In regards to us doing the attacking. There is an aspect of doing this that is completely artificial, as we know we are doing it. Social attacks work because people don’t know they are under attack, as do other forms of malicious behavior. Internal attacking goes a long way for us to look into weaknesses, but at some point, outsiders have to do it without majority internal knowledge to gain better knowledge of readiness and resilience to attack.

Bruno · November 27, 2018, 2:13pm

All good points. It would indeed be ideal if external people were doing this.

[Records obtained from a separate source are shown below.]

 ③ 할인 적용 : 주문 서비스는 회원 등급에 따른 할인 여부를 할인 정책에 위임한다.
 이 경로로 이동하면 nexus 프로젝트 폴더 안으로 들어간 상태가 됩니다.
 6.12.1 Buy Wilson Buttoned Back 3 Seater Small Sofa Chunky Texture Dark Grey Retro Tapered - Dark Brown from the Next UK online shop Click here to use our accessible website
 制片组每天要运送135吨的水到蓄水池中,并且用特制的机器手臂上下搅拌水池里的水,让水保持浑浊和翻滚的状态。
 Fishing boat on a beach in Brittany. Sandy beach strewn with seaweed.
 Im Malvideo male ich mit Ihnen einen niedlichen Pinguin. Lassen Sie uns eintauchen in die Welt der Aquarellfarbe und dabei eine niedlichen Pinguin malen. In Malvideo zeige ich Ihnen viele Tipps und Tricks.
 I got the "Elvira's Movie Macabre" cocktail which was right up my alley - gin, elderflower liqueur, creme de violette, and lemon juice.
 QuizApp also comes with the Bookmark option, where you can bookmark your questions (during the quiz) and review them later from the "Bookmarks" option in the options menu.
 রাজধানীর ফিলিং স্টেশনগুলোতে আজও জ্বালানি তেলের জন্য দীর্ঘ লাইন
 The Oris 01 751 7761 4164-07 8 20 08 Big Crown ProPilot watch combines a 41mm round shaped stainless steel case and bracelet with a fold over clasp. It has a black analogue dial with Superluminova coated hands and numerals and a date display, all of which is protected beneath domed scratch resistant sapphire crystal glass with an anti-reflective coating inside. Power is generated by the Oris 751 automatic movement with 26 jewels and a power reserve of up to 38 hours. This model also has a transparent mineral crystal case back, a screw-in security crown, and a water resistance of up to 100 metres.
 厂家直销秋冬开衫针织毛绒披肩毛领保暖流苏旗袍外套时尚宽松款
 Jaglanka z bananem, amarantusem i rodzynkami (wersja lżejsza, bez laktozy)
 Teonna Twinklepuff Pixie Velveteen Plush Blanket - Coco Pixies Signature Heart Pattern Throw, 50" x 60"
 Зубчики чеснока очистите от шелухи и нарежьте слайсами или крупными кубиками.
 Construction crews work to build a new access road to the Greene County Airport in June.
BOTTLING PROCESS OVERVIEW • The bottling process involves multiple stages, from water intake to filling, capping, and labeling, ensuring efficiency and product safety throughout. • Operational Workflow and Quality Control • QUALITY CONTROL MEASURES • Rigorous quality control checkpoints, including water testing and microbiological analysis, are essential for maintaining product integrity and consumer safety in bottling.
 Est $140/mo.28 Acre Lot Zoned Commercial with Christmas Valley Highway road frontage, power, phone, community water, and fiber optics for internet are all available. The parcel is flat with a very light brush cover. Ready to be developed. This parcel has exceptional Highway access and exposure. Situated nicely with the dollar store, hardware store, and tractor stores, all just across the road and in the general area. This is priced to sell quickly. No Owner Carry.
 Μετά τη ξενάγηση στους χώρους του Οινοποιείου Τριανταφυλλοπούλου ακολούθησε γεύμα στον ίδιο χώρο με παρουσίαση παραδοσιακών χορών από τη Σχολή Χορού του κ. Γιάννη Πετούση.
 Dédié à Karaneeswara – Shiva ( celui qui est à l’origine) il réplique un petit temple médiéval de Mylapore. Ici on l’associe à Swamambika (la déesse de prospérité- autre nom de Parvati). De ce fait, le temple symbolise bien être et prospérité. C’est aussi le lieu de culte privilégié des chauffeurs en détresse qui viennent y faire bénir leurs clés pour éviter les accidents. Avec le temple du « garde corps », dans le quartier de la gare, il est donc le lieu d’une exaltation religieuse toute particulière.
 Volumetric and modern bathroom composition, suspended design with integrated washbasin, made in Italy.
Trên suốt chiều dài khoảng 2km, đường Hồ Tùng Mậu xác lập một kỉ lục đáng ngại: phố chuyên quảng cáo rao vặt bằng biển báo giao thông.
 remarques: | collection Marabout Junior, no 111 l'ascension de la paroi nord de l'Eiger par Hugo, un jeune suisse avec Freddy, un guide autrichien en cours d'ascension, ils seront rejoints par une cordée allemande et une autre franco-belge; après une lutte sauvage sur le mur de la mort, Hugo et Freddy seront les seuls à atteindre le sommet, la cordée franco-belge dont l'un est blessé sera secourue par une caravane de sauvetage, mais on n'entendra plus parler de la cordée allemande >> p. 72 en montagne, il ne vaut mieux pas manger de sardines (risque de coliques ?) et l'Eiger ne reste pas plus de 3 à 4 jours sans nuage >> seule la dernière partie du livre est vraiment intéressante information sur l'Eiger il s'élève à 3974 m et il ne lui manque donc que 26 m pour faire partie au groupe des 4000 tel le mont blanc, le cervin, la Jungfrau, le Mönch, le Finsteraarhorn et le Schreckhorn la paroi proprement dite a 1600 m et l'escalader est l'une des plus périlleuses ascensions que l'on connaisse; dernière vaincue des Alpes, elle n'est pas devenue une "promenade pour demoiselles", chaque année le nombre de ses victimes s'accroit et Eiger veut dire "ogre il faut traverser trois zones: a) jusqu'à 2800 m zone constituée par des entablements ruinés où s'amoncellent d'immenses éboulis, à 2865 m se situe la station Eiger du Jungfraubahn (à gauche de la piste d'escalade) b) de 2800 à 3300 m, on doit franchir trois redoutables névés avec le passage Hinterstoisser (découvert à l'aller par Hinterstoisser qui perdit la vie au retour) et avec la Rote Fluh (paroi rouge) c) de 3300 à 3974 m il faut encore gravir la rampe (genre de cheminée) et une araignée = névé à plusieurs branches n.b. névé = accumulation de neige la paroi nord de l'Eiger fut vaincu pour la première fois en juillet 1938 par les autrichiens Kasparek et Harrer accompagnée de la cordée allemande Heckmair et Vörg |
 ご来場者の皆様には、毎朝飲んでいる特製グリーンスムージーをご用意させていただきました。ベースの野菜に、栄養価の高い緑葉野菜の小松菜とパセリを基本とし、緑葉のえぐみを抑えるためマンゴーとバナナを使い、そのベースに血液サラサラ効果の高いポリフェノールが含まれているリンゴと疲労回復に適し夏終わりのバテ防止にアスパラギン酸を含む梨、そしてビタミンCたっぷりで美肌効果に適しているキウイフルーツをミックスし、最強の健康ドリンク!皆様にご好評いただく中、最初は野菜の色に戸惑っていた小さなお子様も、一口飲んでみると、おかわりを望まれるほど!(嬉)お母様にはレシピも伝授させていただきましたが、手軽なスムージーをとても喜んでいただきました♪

There could be “spies” in the organization who could feed external teams some of these known vulnerabilities and attack vectors.

However, most of the deadliest attacks cannot be done without internal support because we do need to kill and work around the most egregious examples of third party reliance: etherscan and infura. Those can only be knocked out by either preventing the app from talking to them (internal etc/hosts emulation), or by talking these services into collaborating with us (or a third party) on an attack and blocking our app’s requests. Warrants some thinking, I guess, but I don’t think social attacks should fit into this category - those are out of scope. You cannot effectively immunize people against attacks, but you can make the system near invulnerable. I say leave people security for another day.

Anyway, another attack surface is dependencies. Status being very complicated to get started with does not help with identifying those. As an example, when I tried to extract the code for generating random Status names for reuse in Nim, I ran into the fact that the generation hops through something like 10 files and 3 dependencies to pull in a simple Mersenne twister based on the JavaScript-based Chance.js package, which is ultimately a seeded randomizer. Coincidentally, those 10 levels of dependencies could have been avoided because there is a clojure native implementation of Mersenne (granted, this is clojure not clojurescript so I’m out of my depth and might be wrong). Why are dependency chains bad? Well, you never know what you’re going to get, especially in JavaScript land. case in point 2 - related by @arnetheduck: attack explainer here

Dramatically reducing dependencies would help a lot, and they also make for a nice attack surface, but again, support from the team is needed. For example, the package resolver could be modified to first pull packages when building status from an internal package repository, and then if not found there, pull from NPM (during attack day only). This would let attackers replace a dependency and simulate an invalid or infected dependency, which would let us test resilience on that front.